REQUIRED WORK: Exclude every picture and return the remaining entries below verbatim.

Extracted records
%%
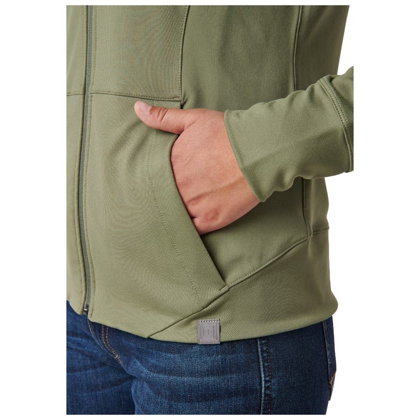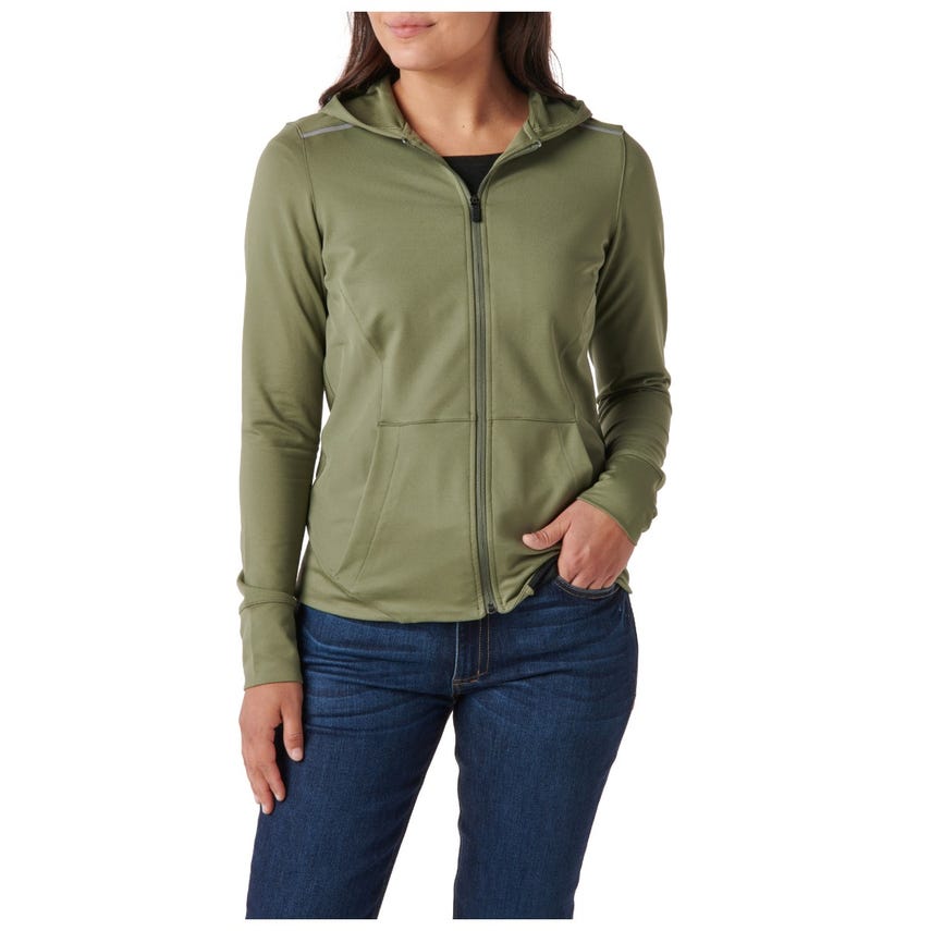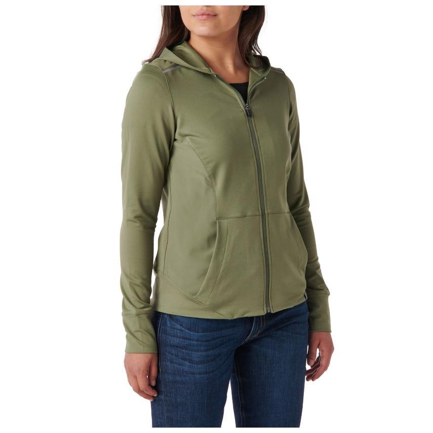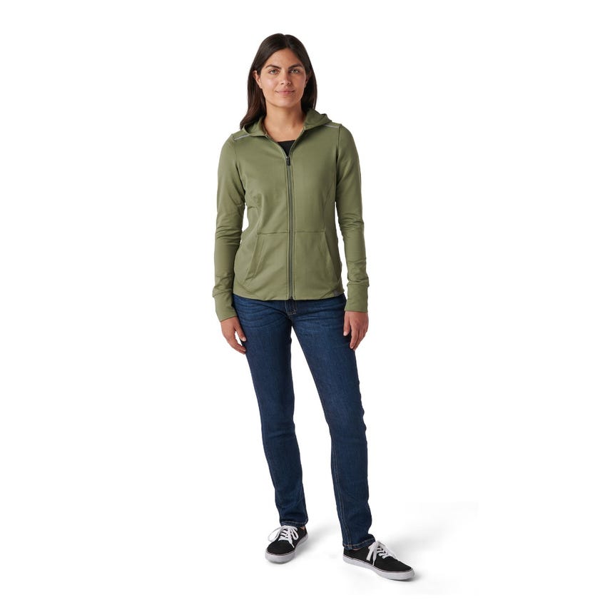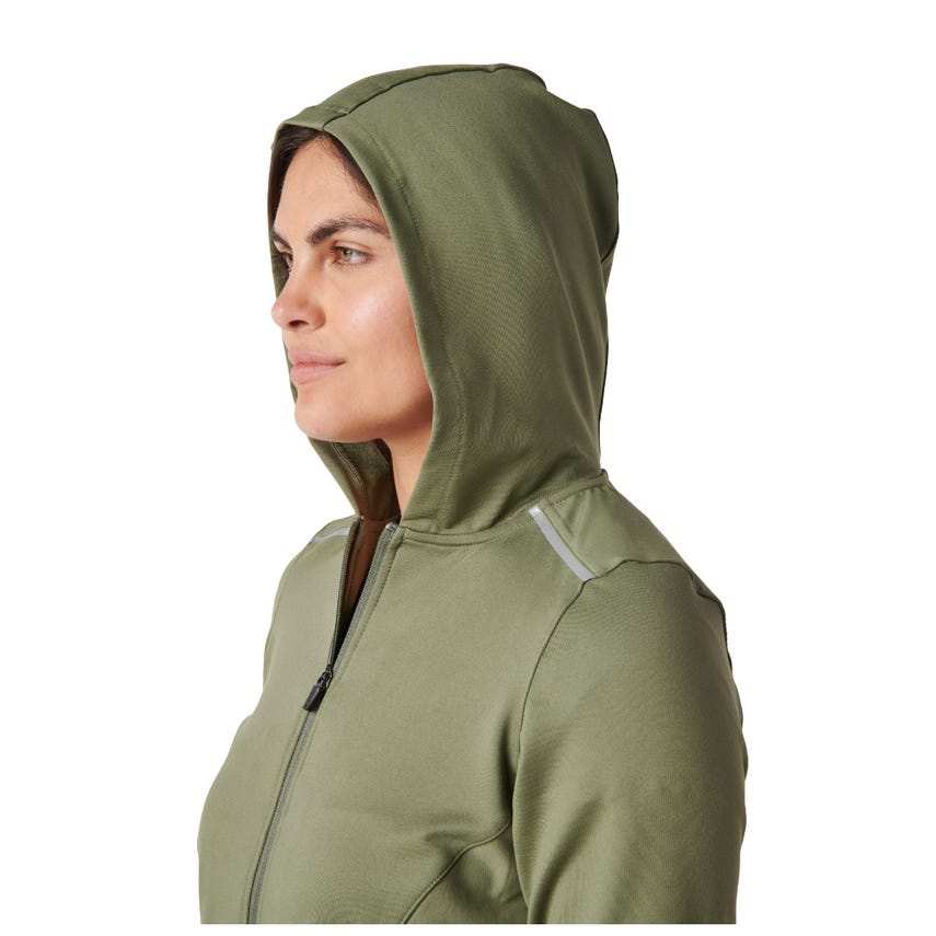 If you like starting your morning with a run or a trip to the gym, you will love our Selma Full Zip. The Selma features a feminine silhouette constructed from a soft yet durable 90-percent polyester and 10-percent elastane terry knit. For extra abrasion resistance, we reinforced the jacket with polyester and elastane stretch panels with Enduro-Flex™. A three-panel contoured hood protects you from the elements, while the split kangaroo pocket keeps your hands warm. Secure your keys, phone and other essentials inside the hidden pockets. If you’re up before the sun, reflective tape on the shoulders will help others spot you. Slip on the Selma Full Zip and don’t look back.
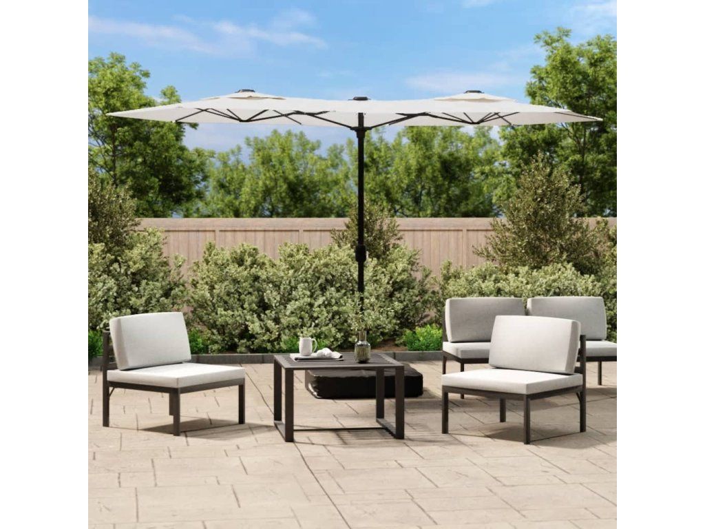 Tento elegantný záhradný slnečník s dvojitou strieškou a LED osvetlením predstavuje dokonalý spôsob, ako si vytvoriť príjemné miesto v tieni, a poskytne vám ochranu pred škodlivými slnečnými UV lúčmi.
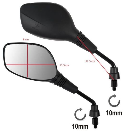 Vous pouvez trouver un angle plus approprié pour la conduite pour obtenir une plus grande visibilité et profiter d'une conduite plus sûre. VISION CLAIRE, CONDUITE SÛRE Avec une surface de 105x105 mm, le rétroviseur moto offre une vision claire et large de tous les objets et des autres motos. Vous pouvez donc l'utiliser en toute confiance. Rétroviseurs universels pour moto Avec ce miroir de moto, vous pouvez conduire en toute sécurité et profiter de votre trajet Argent)Rétroviseurs universels pour moto, tête de mort, pour Suzuki Boulevard M109R M50 LARGE APPLICATION Le rétroviseur de moto est compatible avec une large gamme de motos, ATV, Scooters, Moped, Quad, cyclomoteurs et autres pour répondre à différents besoins. Rétroviseur de moto cool Nos rétroviseurs pour moto ont un boîtier ABS résistant aux chocs et un plastique avec protection contre les chocs, et sont fabriqués avec un revêtement de haute qualité, résistant aux rayures et durable. Paire noire Rétroviseur Grand Angle,2 Pack HD Voiture Rétroviseurs 360 Ronde Auto Rétroviseurs... Durable et stable, résistant aux chocs et à la corrosion, adapté à l'utilisation dans diverses conditions météorologiques et hors route. Boîtier du rétroviseur : ABS, Couleur : Noir Compatibilité : Le diamètre de la vis du miroir est de 10mm, l’espacement des filetages est de 1,25mm et le sens du filetage des deux miroirs est dans le sens des aiguilles d’une montre, veuillez confirmer si le guidage du filetage correspond au diamètre à l’interface du miroir avant d’acheter. Miroir Moto Réglable 360 CHAFT Paire De Rétroviseurs Universel Adaptable SMITH Pour Moto Homologué CE - RE109 Rétroviseur Moto Noir ABS Large Vision Large application] Ces rétroviseurs latéraux sont livrés avec 4 vis d'expansion qui conviennent pour un diamètre de rappelle de direction de 13 à 22 mm. Ils peuvent également être installés sur le vélo et sont faciles à installer Matériaux de Haute Qualité: Ces Rétroviseur Latéral sont faits de métal de haute qualité, de verre et d'un couvercle arrière en plastique ABS durableStructure plus solide.
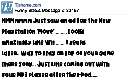 X MMMmmmm just saw an ad for the New Playstation "Move".......... looks amazingly like Wii........ 3 years later...Way to stay on top of your game there Sony... just like coming out with your MP3 player after the I-Pod.....
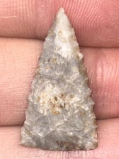 A fine Pinetree found in Marshall County, Alabama. Made from well patinated medium brown Fort Payne chert. Well made with serrated edges and ground base.
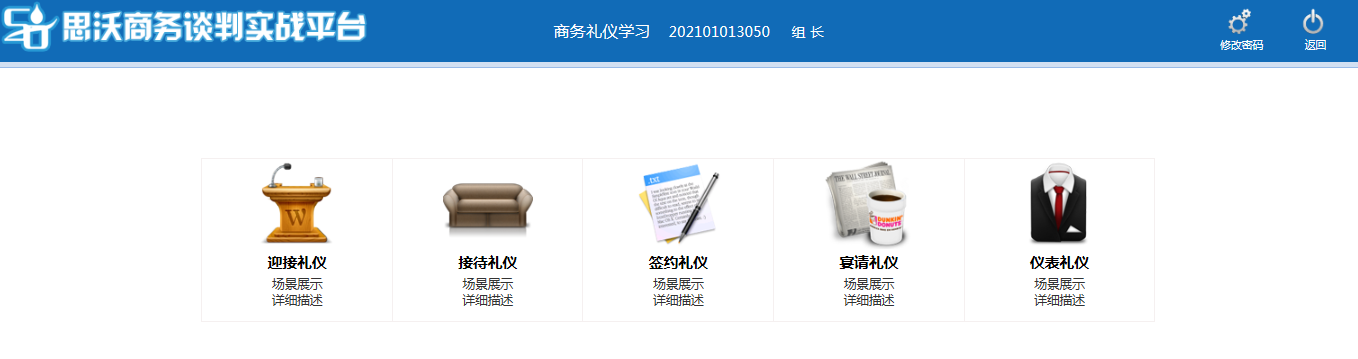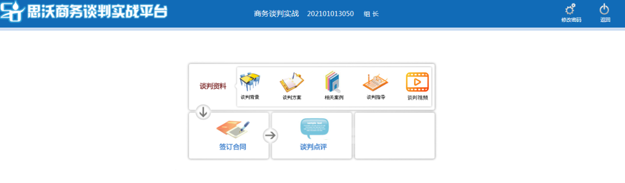 思沃國(guo)(guo)際商務談(tan)判實(shi)訓平(ping)臺(tai)系統采用了源于國(guo)(guo)外知名商學(xue)院的(de)商務談(tan)判經典案例素材,結合近10年(nian)來(lai)應用于中國(guo)(guo)學(xue)生的(de)教(jiao)學(xue)實(shi)踐經驗加以修訂和(he)完善,形成了與教(jiao)學(xue)課件內容和(he)進程相配(pei)合的(de)7個(ge)模擬談(tan)判實(shi)踐單元。
%%
FINISHED EXERCISE:
 If you like starting your morning with a run or a trip to the gym, you will love our Selma Full Zip. The Selma features a feminine silhouette constructed from a soft yet durable 90-percent polyester and 10-percent elastane terry knit. For extra abrasion resistance, we reinforced the jacket with polyester and elastane stretch panels with Enduro-Flex™. A three-panel contoured hood protects you from the elements, while the split kangaroo pocket keeps your hands warm. Secure your keys, phone and other essentials inside the hidden pockets. If you’re up before the sun, reflective tape on the shoulders will help others spot you. Slip on the Selma Full Zip and don’t look back.
 Tento elegantný záhradný slnečník s dvojitou strieškou a LED osvetlením predstavuje dokonalý spôsob, ako si vytvoriť príjemné miesto v tieni, a poskytne vám ochranu pred škodlivými slnečnými UV lúčmi.
 Vous pouvez trouver un angle plus approprié pour la conduite pour obtenir une plus grande visibilité et profiter d'une conduite plus sûre. VISION CLAIRE, CONDUITE SÛRE Avec une surface de 105x105 mm, le rétroviseur moto offre une vision claire et large de tous les objets et des autres motos. Vous pouvez donc l'utiliser en toute confiance. Rétroviseurs universels pour moto Avec ce miroir de moto, vous pouvez conduire en toute sécurité et profiter de votre trajet Argent)Rétroviseurs universels pour moto, tête de mort, pour Suzuki Boulevard M109R M50 LARGE APPLICATION Le rétroviseur de moto est compatible avec une large gamme de motos, ATV, Scooters, Moped, Quad, cyclomoteurs et autres pour répondre à différents besoins. Rétroviseur de moto cool Nos rétroviseurs pour moto ont un boîtier ABS résistant aux chocs et un plastique avec protection contre les chocs, et sont fabriqués avec un revêtement de haute qualité, résistant aux rayures et durable. Paire noire Rétroviseur Grand Angle,2 Pack HD Voiture Rétroviseurs 360 Ronde Auto Rétroviseurs... Durable et stable, résistant aux chocs et à la corrosion, adapté à l'utilisation dans diverses conditions météorologiques et hors route. Boîtier du rétroviseur : ABS, Couleur : Noir Compatibilité : Le diamètre de la vis du miroir est de 10mm, l’espacement des filetages est de 1,25mm et le sens du filetage des deux miroirs est dans le sens des aiguilles d’une montre, veuillez confirmer si le guidage du filetage correspond au diamètre à l’interface du miroir avant d’acheter. Miroir Moto Réglable 360 CHAFT Paire De Rétroviseurs Universel Adaptable SMITH Pour Moto Homologué CE - RE109 Rétroviseur Moto Noir ABS Large Vision Large application] Ces rétroviseurs latéraux sont livrés avec 4 vis d'expansion qui conviennent pour un diamètre de rappelle de direction de 13 à 22 mm. Ils peuvent également être installés sur le vélo et sont faciles à installer Matériaux de Haute Qualité: Ces Rétroviseur Latéral sont faits de métal de haute qualité, de verre et d'un couvercle arrière en plastique ABS durableStructure plus solide.
 X MMMmmmm just saw an ad for the New Playstation "Move".......... looks amazingly like Wii........ 3 years later...Way to stay on top of your game there Sony... just like coming out with your MP3 player after the I-Pod.....
 A fine Pinetree found in Marshall County, Alabama. Made from well patinated medium brown Fort Payne chert. Well made with serrated edges and ground base.
 思沃國(guo)(guo)際商務談(tan)判實(shi)訓平(ping)臺(tai)系統采用了源于國(guo)(guo)外知名商學(xue)院的(de)商務談(tan)判經典案例素材,結合近10年(nian)來(lai)應用于中國(guo)(guo)學(xue)生的(de)教(jiao)學(xue)實(shi)踐經驗加以修訂和(he)完善,形成了與教(jiao)學(xue)課件內容和(he)進程相配(pei)合的(de)7個(ge)模擬談(tan)判實(shi)踐單元。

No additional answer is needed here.